Amber’s been reading Poe stories in her English class at school – it’s a shame I borrowed her book. No, I’m not that mean, they have copies to read at school. But I do have to thank Michelle at Castle Macabre for making me pull the Poe stories out. It’s given Amber and me the chance to talk about Poe stories in general and specifically “The Cask of Amontillado,” since we both read that this month.

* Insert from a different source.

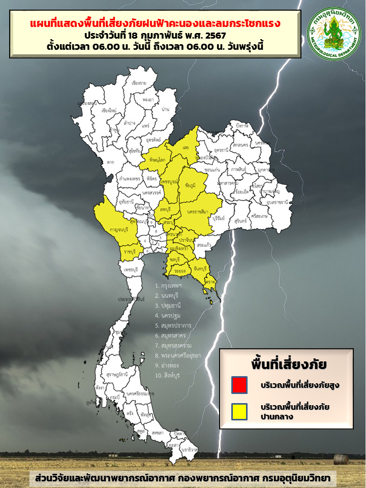 กทม. 18 ก.พ.- กรมอุตุฯ เผยอีสานตอนล่าง ตะวันออก กลาง รวมทั้ง กทม.-ปริมณฑล มีฝนฟ้าคะนองกับมีลมกระโชกแรง ส่วนภาคใต้ยังคงมีฝนฟ้าคะนองบางแห่ง

Poe is many things, subtle not being one of them. “The Fall of the House of Usher” borders on the melodramatic, but in a good way. Poe’s writing is ornate and poetic, which is probably why I find Poe best read aloud, even if it’s just me reading to myself.  This story is very much a Poe story – we have several trademarks, from the just overall oppressive atmosphere to the crazy male lead to someone being buried alive, but it’s a formula that works for him, that he brings alive time and again. The problem with talking about short stories is that every little bit counts in them and I don’t want to give too much info. I want you to go read it for yourself. I will say though, if you only read one Poe this one should probably be it. The writing is gorgeous and the setting is appropriately creepy. The Ushers are a disturbing family, twins who have a special connections, whether that be paranormal or an incestuous relationship or both is probably up for debate, but they contrast well with the sane narrator. We even have a bit of poetry thrown in. And the ending, when real events at the house echo a story that is being read aloud is fantastic. The interweaving of fiction and reality works well.

 

About Edgar Allan Poe

Edgar Allan Poe (January 19, 1809 – October 7, 1849) was an American author, poet, editor, and literary critic, considered part of the American Romantic Movement. Best known for his tales of mystery and the macabre, Poe was one of the earliest American practitioners of the short story, and is generally considered the inventor of the detective fiction genre. He is further credited with contributing to the emerging genre of science fiction. He was the first well-known American writer to try to earn a living through writing alone, resulting in a financially difficult life and career.